Abstract
The paper investigates the sources of the EU position in the G20 meetings convened in response to the global financial crisis of 2007–2009. In particular, the paper investigates the factors that led the EU to campaign for strengthening the role of public authority and for giving priority to financial stability and social protection in international financial regulation. The argument of the paper is that the sources of the EU position lie in the convergence of views of the largest EU member states around a specific approach to financial capitalism. Indeed, the crisis has shifted the EU away from the ‘neoliberal’ towards the ‘regulated’ model, as attested by the content of EU financial sector policies.
Notes
1 For a thorough criticism of the EU normative power argument from a political-economy perspective see Falkner (Citation2007).

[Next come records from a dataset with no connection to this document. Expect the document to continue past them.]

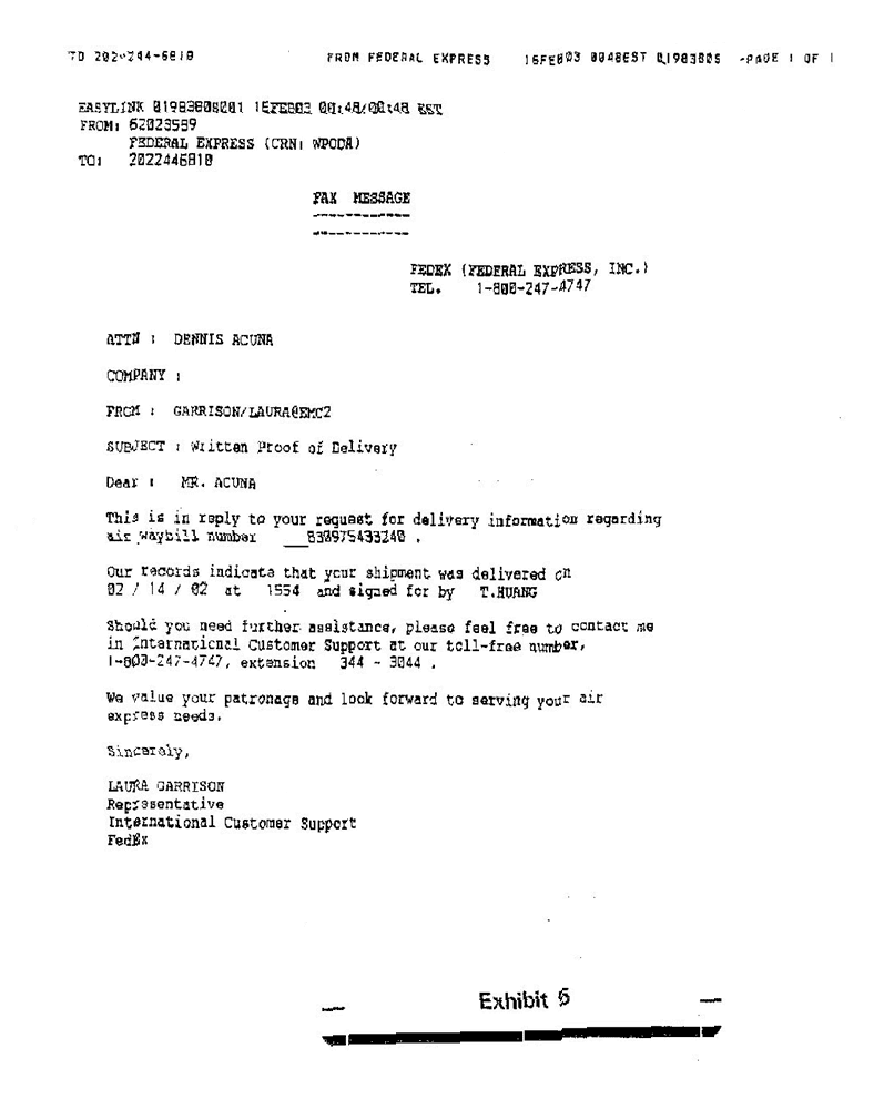 | 联邦快递(Fedex)成功递送邮件的证明 | 原告律师Terri Marsh邮寄时联邦快递(Fedex)的回执 |
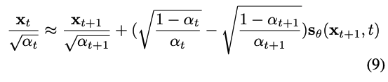 $\mathbf{x}_t$를 $\frac{\mathbf{x}_t}{\sqrt{\alpha_t}}$로 rescale하고 (5)를 다시 쓰면, DDIM은 first-order ODE solver로 여겨질 수 있다. 이에 대응되는 inversion은 다음과 같다.
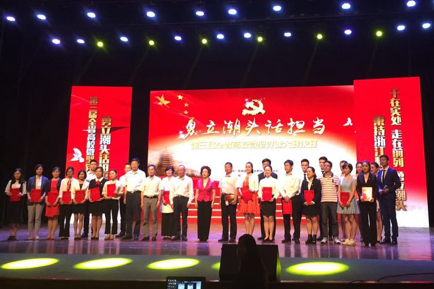 浙江省教育工委组织开展的第三届全省高校微型党课大赛,以“勇立潮头话担当”为主题,共有90所本、专科高校报送了90件微党课视频。我校党委对该比赛非常重视,于4月初正式启动大赛选拔赛。全校13个党总支报名参赛,党委组织部统一安排了视频拍摄,邀请了专门的评审委员对参赛作品进行了评比,并选送了选拔赛特等奖的选手参赛。经过省教育工委组织的初赛,最终刘雯老师进入决赛。
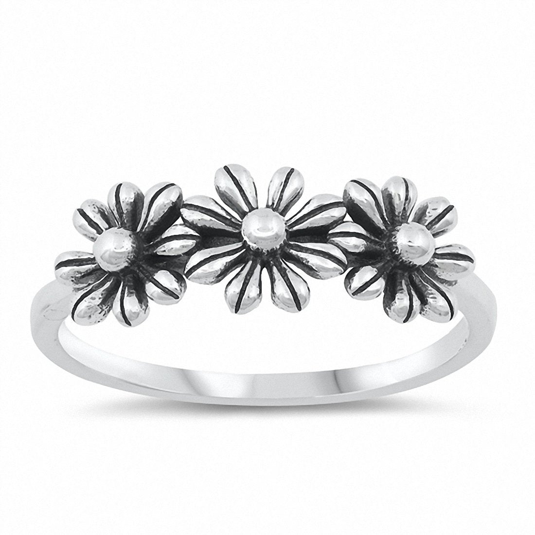 3 Flowers Band Ring Solid 925 Sterling Silver Choose Color
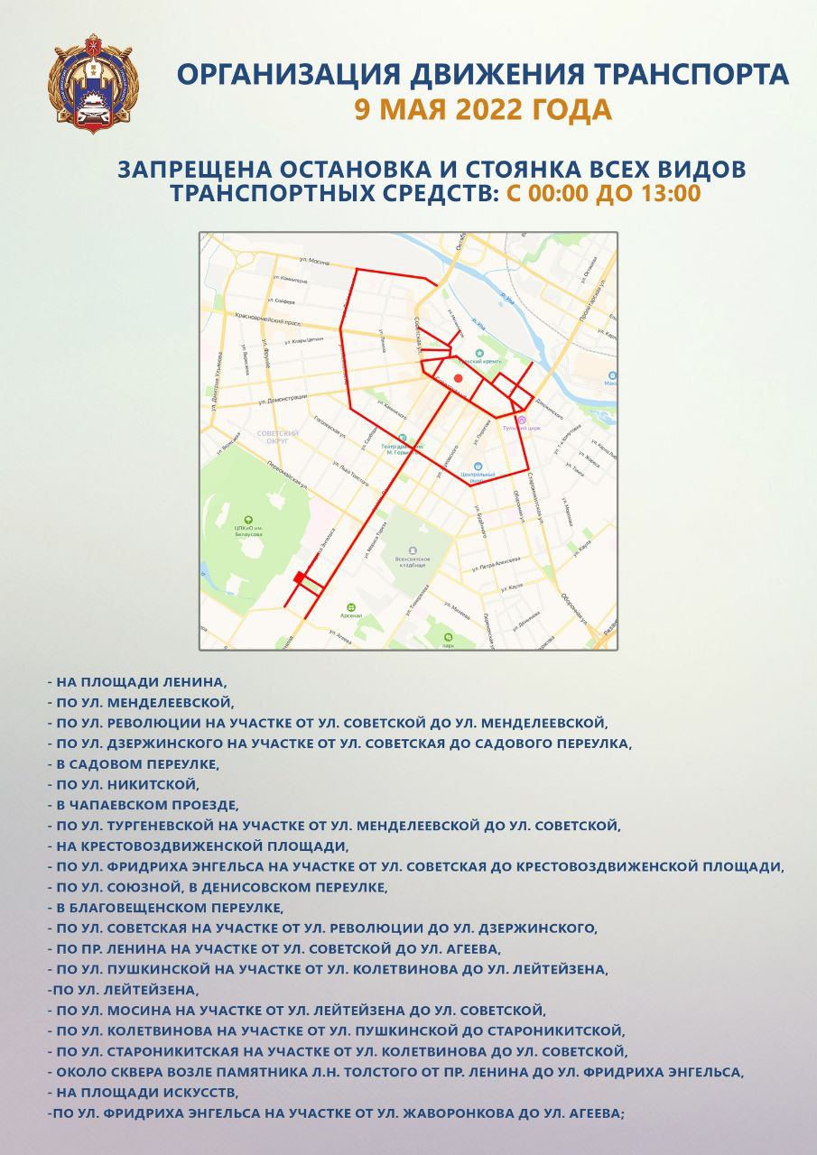 Напомним, до 12 мая нельзя будет парковаться на стоянке вдоль площади Ленина. А 10 мая в Туле пройдет официальное открытие мотосезона. Из-за этого во вторник на площади Победы и прилегающих территориях с 00:00 до 15:00 будет запрещена остановка и стоянка, а с 12:00 до 15:00 будет ограничено движение всех видов транспортных средств на этом участке.
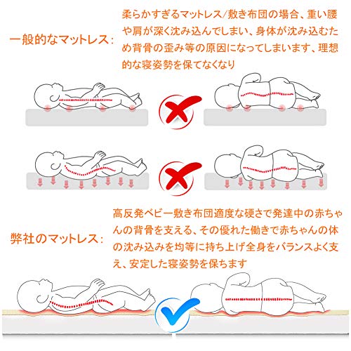 - 【上質のスポンジ、安心、快適】 高反発スポンジは快速に跳ね返り、マットレスは変形しにくく、身体を均一に持ち上げ、ストレスを分散させ、赤ちゃんが头部が沈んで窒息する危険を防止できます。
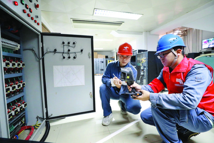 惠州供電工作人員檢查設(shè)備運(yùn)行狀況;葜萑?qǐng)?bào)記者楊建業(yè) 攝

2 Specifically, it is up to domestic regulators to allow banks to use their internal risk models.
3 The Lamfalussy framework initially proposed a four level approach with regard to the legislative process for securities. Level 1 concerns the drafting of the high level objectives that the securities legislation must achieve. At Level 2, the technical requirements necessary to achieve these objectives are specified. The measures adopted at Level 3 are intended to ensure common and uniform implementation across members. Level 4 measures relate to the enforcement of the legislation.
4 According to Tarullo's historical account of the negotiations of Basel II, in 2003 the European regulators became intent on producing a final version of the international accord because they were anxious to move forward on a new EU Capital Adequacy Directive.